Work request:
The entries below contain pictures, which are to be left out; write out exactly, and only, the lines from the line with "Most of these" up to and including the line with "alte Ansichtskarte, gelaufen".

Data supplied:
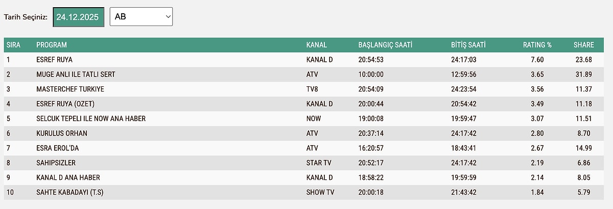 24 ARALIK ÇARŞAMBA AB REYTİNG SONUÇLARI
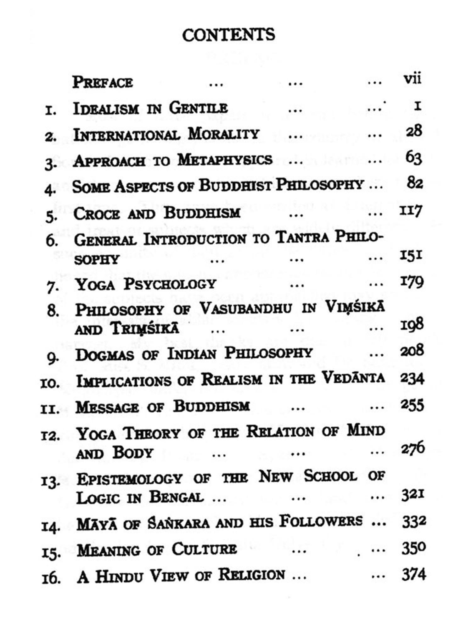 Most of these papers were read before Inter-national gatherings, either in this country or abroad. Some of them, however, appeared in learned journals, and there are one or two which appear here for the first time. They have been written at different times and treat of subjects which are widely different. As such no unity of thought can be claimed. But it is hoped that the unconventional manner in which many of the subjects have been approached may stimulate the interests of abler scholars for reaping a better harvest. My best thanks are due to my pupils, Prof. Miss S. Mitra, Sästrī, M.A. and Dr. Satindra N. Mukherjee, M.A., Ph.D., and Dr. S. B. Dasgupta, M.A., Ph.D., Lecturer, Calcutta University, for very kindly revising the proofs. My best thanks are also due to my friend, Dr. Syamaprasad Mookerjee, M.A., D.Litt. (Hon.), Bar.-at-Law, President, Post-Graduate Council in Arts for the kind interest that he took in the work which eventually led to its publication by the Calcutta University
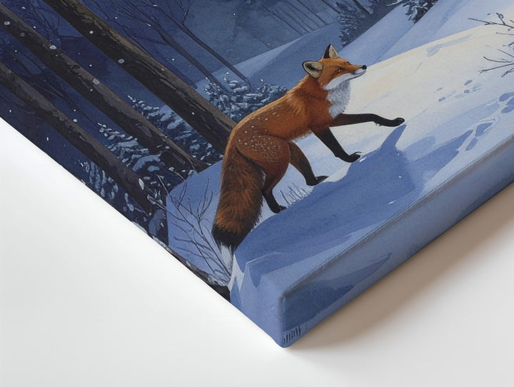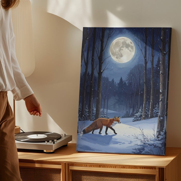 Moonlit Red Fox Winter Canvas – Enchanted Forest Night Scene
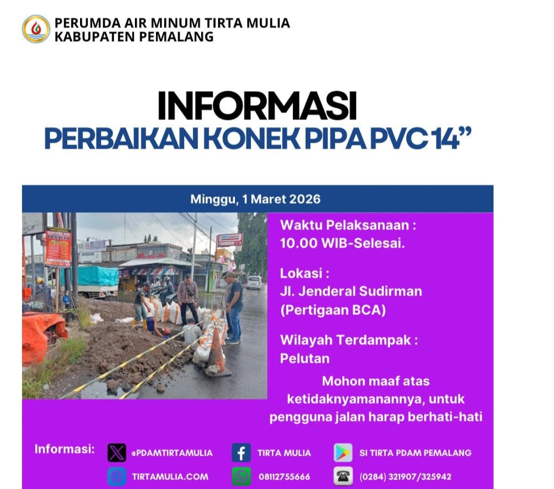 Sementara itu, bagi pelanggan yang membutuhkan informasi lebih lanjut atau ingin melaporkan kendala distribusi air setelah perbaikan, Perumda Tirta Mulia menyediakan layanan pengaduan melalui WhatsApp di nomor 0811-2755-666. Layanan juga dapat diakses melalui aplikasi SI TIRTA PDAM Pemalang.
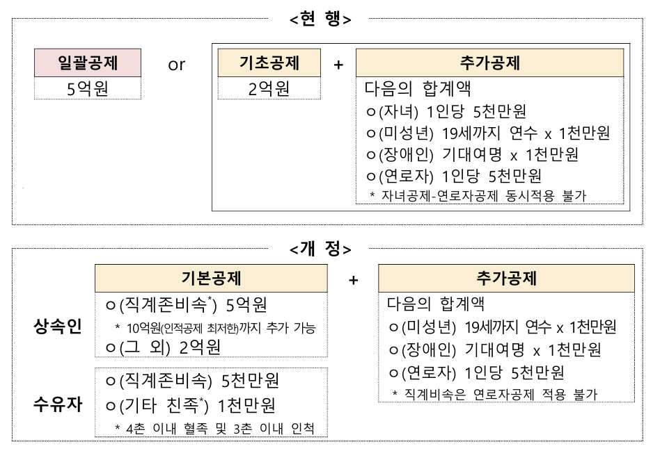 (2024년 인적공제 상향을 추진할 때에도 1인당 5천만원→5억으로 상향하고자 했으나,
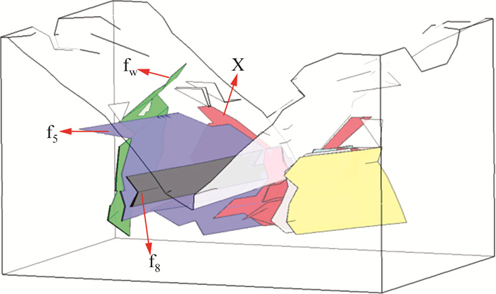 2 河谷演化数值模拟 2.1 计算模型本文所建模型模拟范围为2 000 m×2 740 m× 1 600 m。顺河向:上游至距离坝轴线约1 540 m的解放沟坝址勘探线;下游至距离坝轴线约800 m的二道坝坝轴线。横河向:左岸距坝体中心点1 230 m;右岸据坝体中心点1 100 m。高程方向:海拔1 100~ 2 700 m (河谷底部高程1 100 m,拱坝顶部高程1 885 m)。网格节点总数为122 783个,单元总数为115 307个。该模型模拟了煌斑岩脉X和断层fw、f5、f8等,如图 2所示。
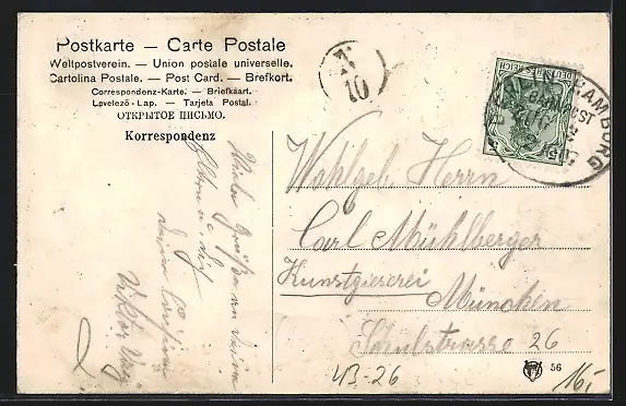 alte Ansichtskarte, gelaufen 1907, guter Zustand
--
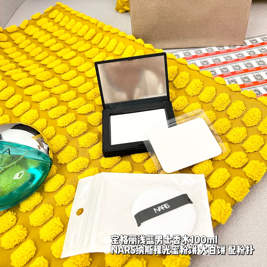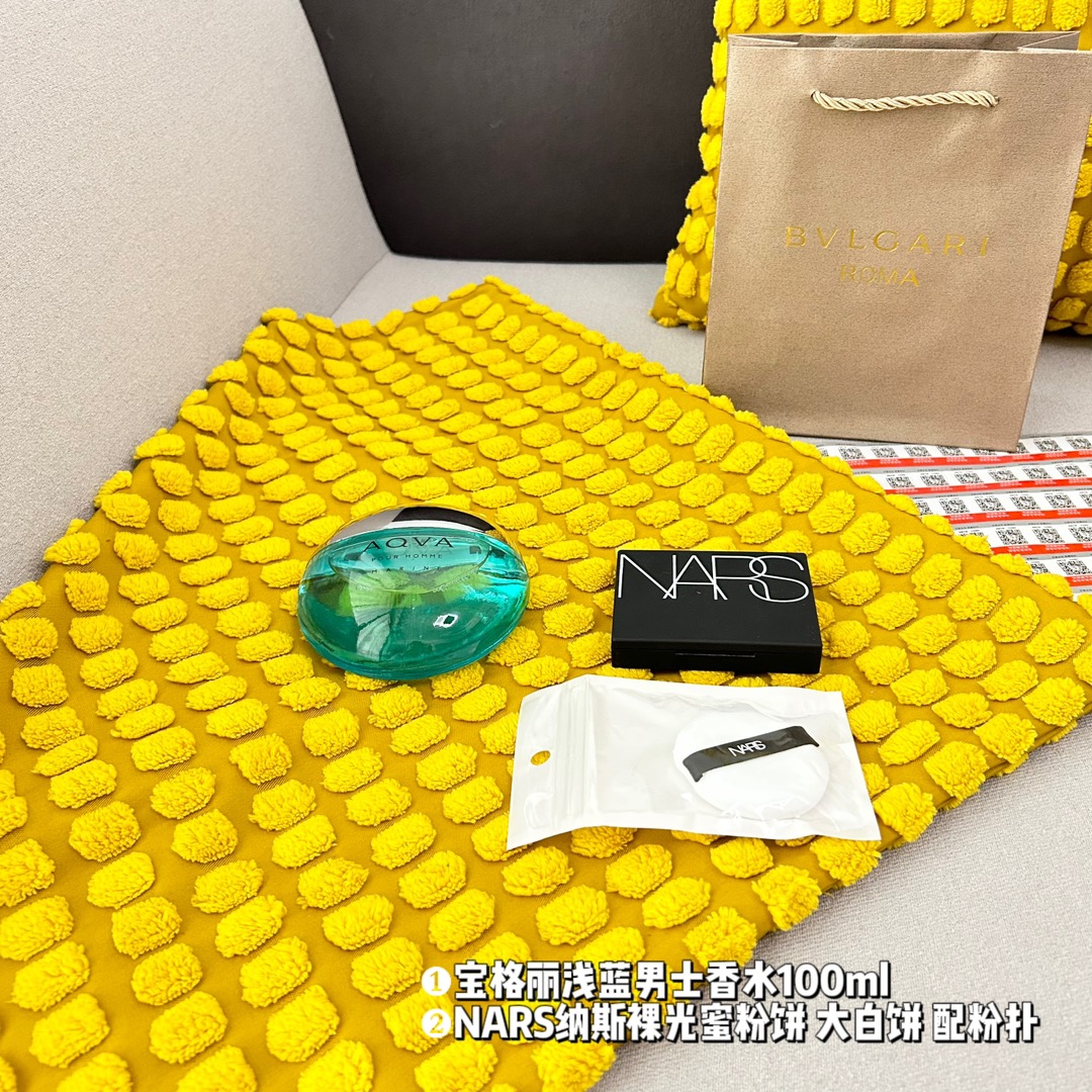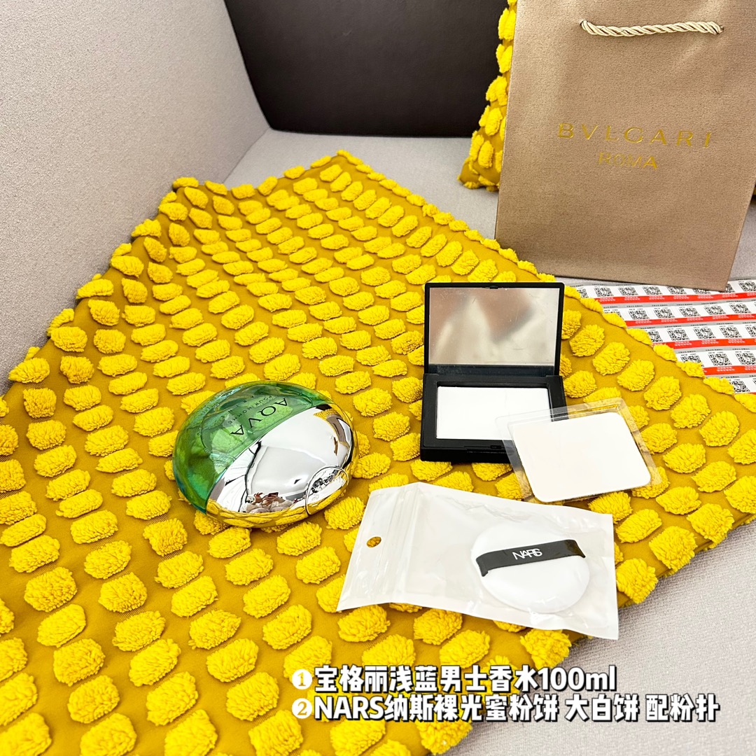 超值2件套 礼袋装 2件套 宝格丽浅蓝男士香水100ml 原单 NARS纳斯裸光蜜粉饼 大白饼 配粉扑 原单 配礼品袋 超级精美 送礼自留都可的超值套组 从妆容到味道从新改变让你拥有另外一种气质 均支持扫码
* * *
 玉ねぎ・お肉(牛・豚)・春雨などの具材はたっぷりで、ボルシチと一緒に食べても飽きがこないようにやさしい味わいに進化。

Answer box:
 Most of these papers were read before Inter-national gatherings, either in this country or abroad. Some of them, however, appeared in learned journals, and there are one or two which appear here for the first time. They have been written at different times and treat of subjects which are widely different. As such no unity of thought can be claimed. But it is hoped that the unconventional manner in which many of the subjects have been approached may stimulate the interests of abler scholars for reaping a better harvest. My best thanks are due to my pupils, Prof. Miss S. Mitra, Sästrī, M.A. and Dr. Satindra N. Mukherjee, M.A., Ph.D., and Dr. S. B. Dasgupta, M.A., Ph.D., Lecturer, Calcutta University, for very kindly revising the proofs. My best thanks are also due to my friend, Dr. Syamaprasad Mookerjee, M.A., D.Litt. (Hon.), Bar.-at-Law, President, Post-Graduate Council in Arts for the kind interest that he took in the work which eventually led to its publication by the Calcutta University
 Moonlit Red Fox Winter Canvas – Enchanted Forest Night Scene
 Sementara itu, bagi pelanggan yang membutuhkan informasi lebih lanjut atau ingin melaporkan kendala distribusi air setelah perbaikan, Perumda Tirta Mulia menyediakan layanan pengaduan melalui WhatsApp di nomor 0811-2755-666. Layanan juga dapat diakses melalui aplikasi SI TIRTA PDAM Pemalang.
 (2024년 인적공제 상향을 추진할 때에도 1인당 5천만원→5억으로 상향하고자 했으나,
 2 河谷演化数值模拟 2.1 计算模型本文所建模型模拟范围为2 000 m×2 740 m× 1 600 m。顺河向:上游至距离坝轴线约1 540 m的解放沟坝址勘探线;下游至距离坝轴线约800 m的二道坝坝轴线。横河向:左岸距坝体中心点1 230 m;右岸据坝体中心点1 100 m。高程方向:海拔1 100~ 2 700 m (河谷底部高程1 100 m,拱坝顶部高程1 885 m)。网格节点总数为122 783个,单元总数为115 307个。该模型模拟了煌斑岩脉X和断层fw、f5、f8等,如图 2所示。
 alte Ansichtskarte, gelaufen 1907, guter Zustand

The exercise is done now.